BENEFITS - TENNESSEE

Gertsch v. City of Martin, Tenn.

United States District Court, W.D. Tennessee, Eastern Division - April 17, 2014 - Slip Copy - 2014 WL 1572786

Former city firefighters initiated an action against the City of Martin, Tennessee, alleging deprivation of their property rights without due process of law in violation of 42 U.S.C. § 1983 as well as common-law breach of contract.  Plaintiffs were eligible for retirement benefits through, and had properly enrolled in, the Tennessee Consolidated Retirement System (TCRS).

The City recognizes an employee’s unused, accumulated sick leave as creditable service and reports the unused sick leave to TCRS when an employee applies for retirement benefits.  City firefighters worked twenty-four hour shifts.

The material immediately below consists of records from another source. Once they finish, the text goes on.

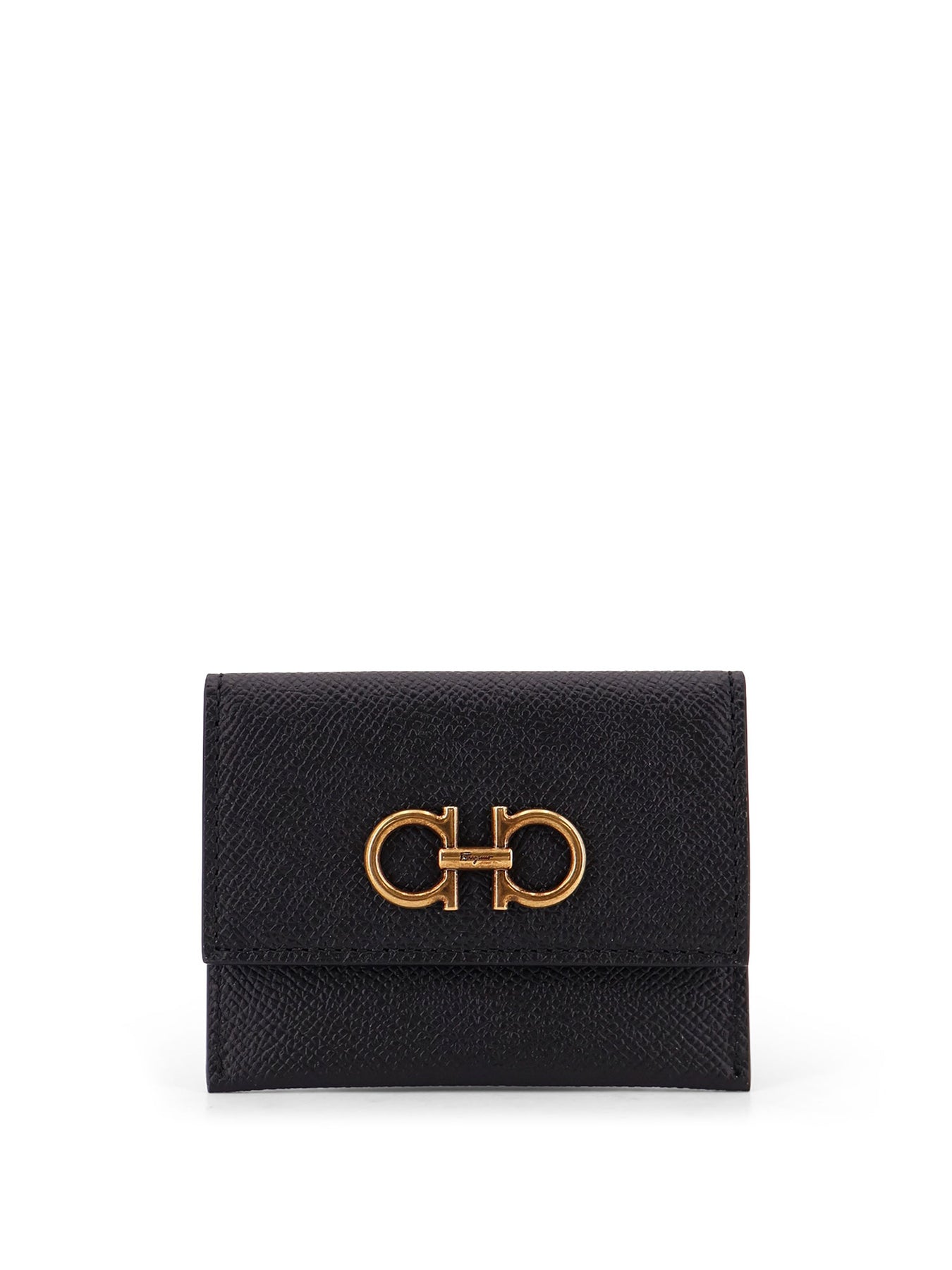 Metal Gancini logo Flap closure with snap button Three credit card slots Made in Italy Leather W: 10 cm, H: 8 cm SKU: 220861779901001
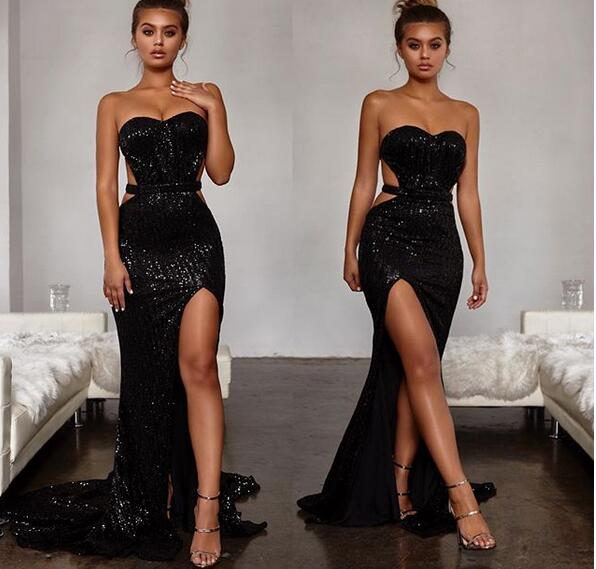 Black Mermaid Prom Dresses Sweetheart Sequins Lace Evening Formal Gowns
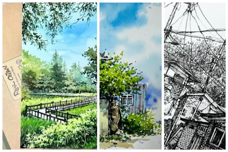 ◻️ 아카데미는 펜을 사용하는 어반스케치와 겹치기 기법에 유리해요.

The TCRS requires participating municipal employers, such as the City, to report the unused sick leave of certain types of employees, including firefighters, in days rather than in hours, but, as far as the TCRS is concerned, there is no standard formula for municipalities to convert unused sick hours to days.  In reporting Plaintiffs’ respective days of unused, accumulated sick leave to TCRS, the City converted every twenty-four hours of unused sick leave into one day.  Plaintiffs argued that the City should have converted every twelve hours of unused sick leave into one day.

The court dismissed Plaintiffs’ breach of contract claim, finding that the personnel policy upon which they relied was not a contract.

The court also found that the entitlement Plaintiffs claimed—to a specific formula for counting their unused, accumulated sick leave toward creditable service—was to a process, rather than substance, and was therefore not a property interest protected by the Fourteenth Amendment.